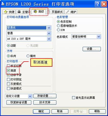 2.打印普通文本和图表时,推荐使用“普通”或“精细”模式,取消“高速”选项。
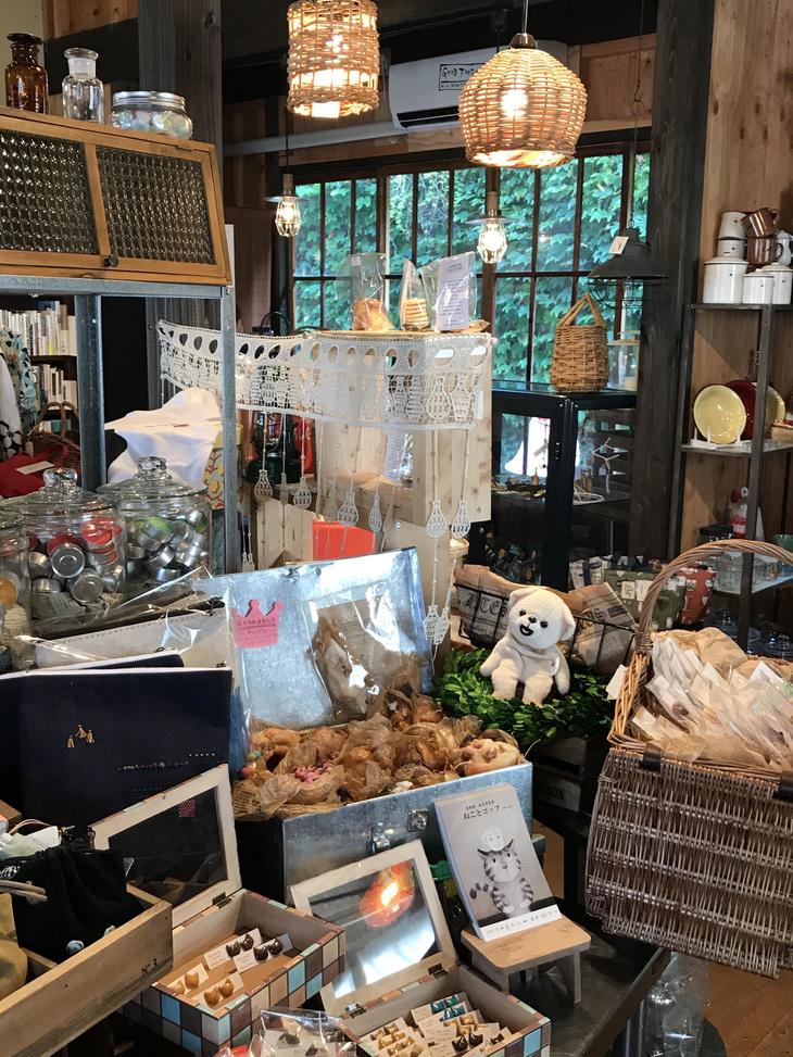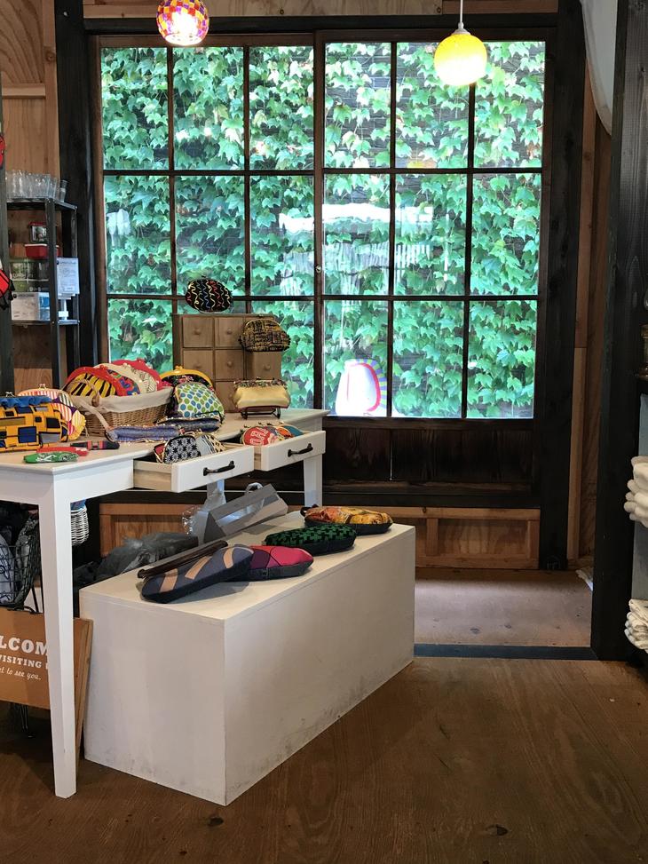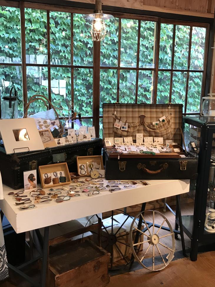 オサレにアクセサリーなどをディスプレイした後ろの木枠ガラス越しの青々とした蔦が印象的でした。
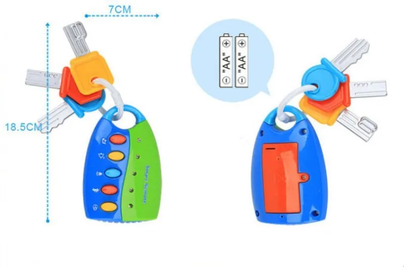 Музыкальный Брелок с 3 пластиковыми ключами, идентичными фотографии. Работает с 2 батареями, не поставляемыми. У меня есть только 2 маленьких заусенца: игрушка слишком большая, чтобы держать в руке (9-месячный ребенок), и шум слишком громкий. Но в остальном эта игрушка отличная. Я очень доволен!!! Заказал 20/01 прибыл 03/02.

— Work item —
Images are to be skipped, and each line above is to be returned exactly.

— Answer space —
 2.打印普通文本和图表时,推荐使用“普通”或“精细”模式,取消“高速”选项。
 オサレにアクセサリーなどをディスプレイした後ろの木枠ガラス越しの青々とした蔦が印象的でした。
 Музыкальный Брелок с 3 пластиковыми ключами, идентичными фотографии. Работает с 2 батареями, не поставляемыми. У меня есть только 2 маленьких заусенца: игрушка слишком большая, чтобы держать в руке (9-месячный ребенок), и шум слишком громкий. Но в остальном эта игрушка отличная. Я очень доволен!!! Заказал 20/01 прибыл 03/02.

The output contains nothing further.